Amazon SageMaker JumpStart hosts foundation model weights (proprietary and open-weight) and lets you deploy them onto Amazon SageMaker endpoints that you control. You pick instance types, autoscaling, and VPC placement; you pay for instance hours rather than tokens; you can fine-tune weights with deeper customisation than Amazon Bedrock's managed fine-tuning.

Decision Rule

Want per-token pricing, no infrastructure, and quick integration? Amazon Bedrock.
Want per-instance pricing, VPC isolation, heavy fine-tuning, or unusual model variants? Amazon SageMaker JumpStart.
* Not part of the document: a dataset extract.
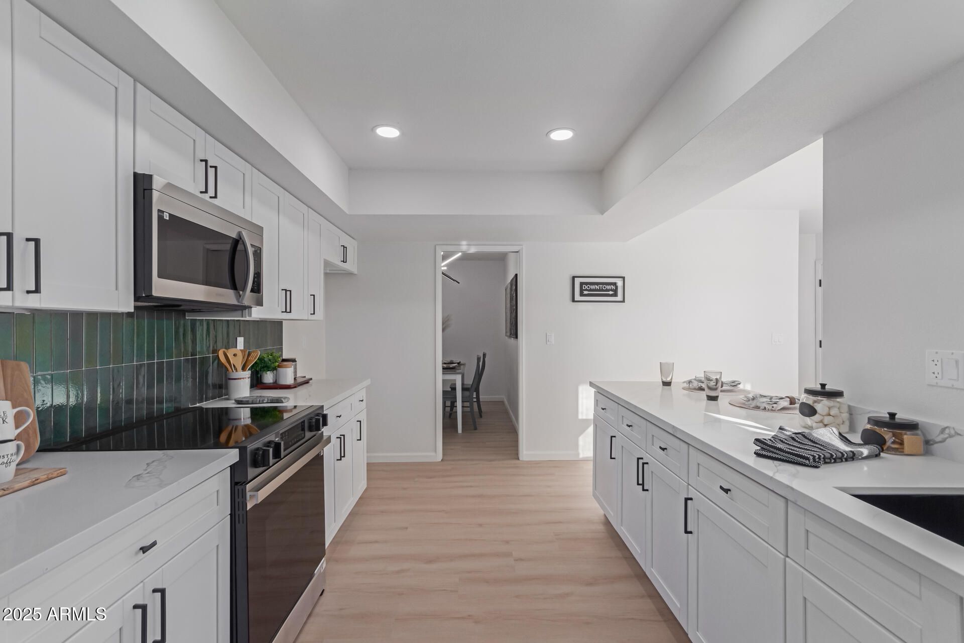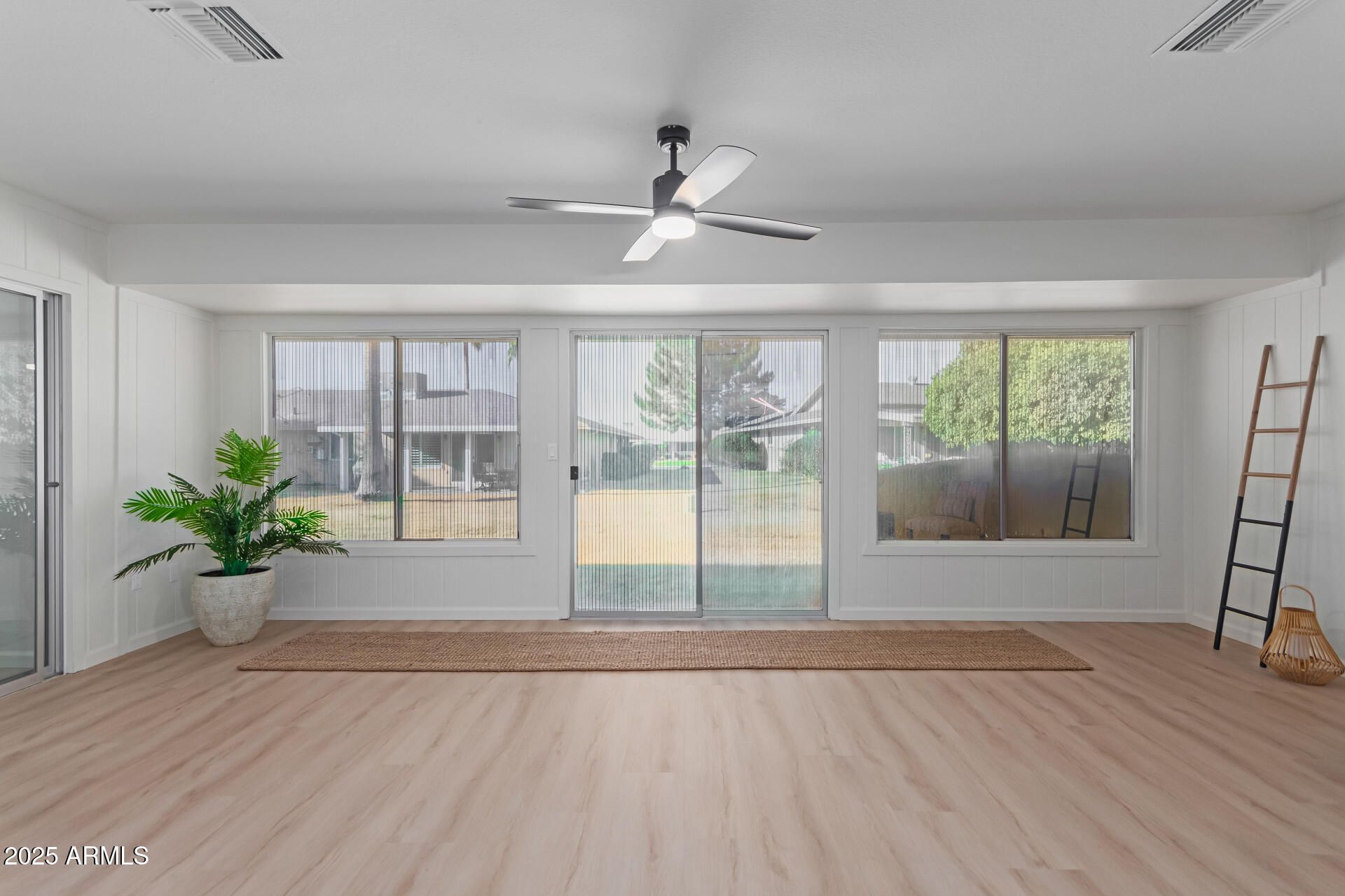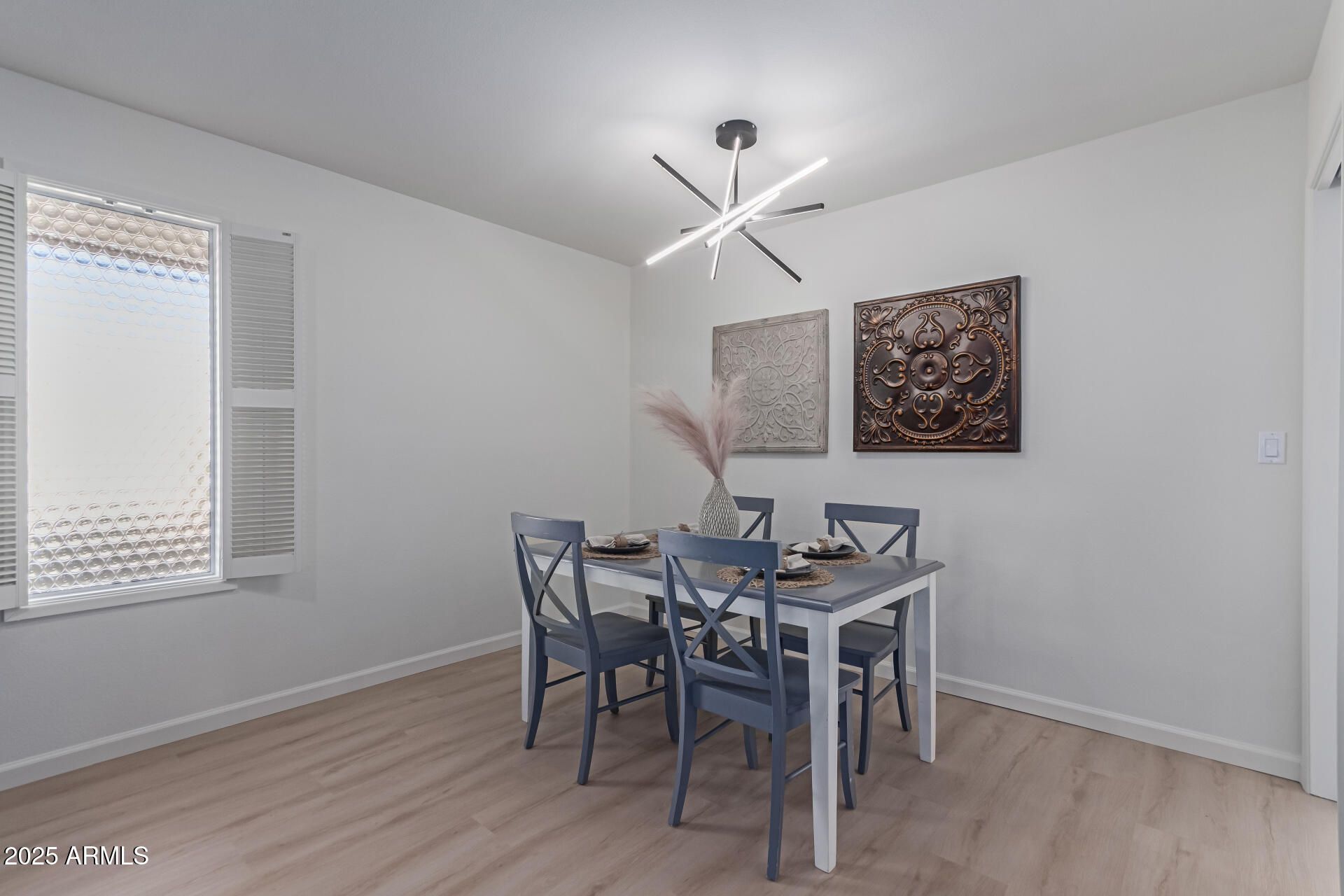 Beautifully upgraded Gemini home offering 2 bedrooms, 2 bathrooms, and 2 covered parking spaces. This charming single-level residence showcases a modern, open floor plan with fresh neutral paint, stylish wood-look flooring, and updated light fixtures throughout. The remodeled kitchen is a standout, featuring stainless steel appliances, quartz countertops, a tile backsplash, white shaker cabinets, and a cozy breakfast nook with patio access. The spacious primary suite includes direct access to the Arizona room, a walk-in closet, and a pristine en-suite bathroom. Additional highlights include a generous laundry room with built-in storage, a bright Arizona room perfect for relaxing or entertaining, and a low-maintenance backyard ideal for easy living. Move-in ready!

Both are valid AIF-C01 answers; the scenario specifies which to pick. Foundation models and LLMs appear on both services — do not confuse service choice with model existence.

Foundation Model Evaluation at Selection Time

Selecting a foundation model is an evaluation problem. AIF-C01 frames evaluation at two moments: at selection (this topic) and at post-deployment monitoring (covered in foundation-model-evaluation).

Benchmarks You Should Recognise

MMLU (Massive Multitask Language Understanding) — 57-subject academic benchmark.
HellaSwag — commonsense reasoning.
HumanEval — Python code generation.
GSM8K — grade-school math word problems.
MT-Bench — open-ended chat quality judged by GPT-4.

These benchmarks are useful for initial shortlisting of foundation models. AIF-C01 does not ask you to compute them, only to recognise them as standard comparison tools.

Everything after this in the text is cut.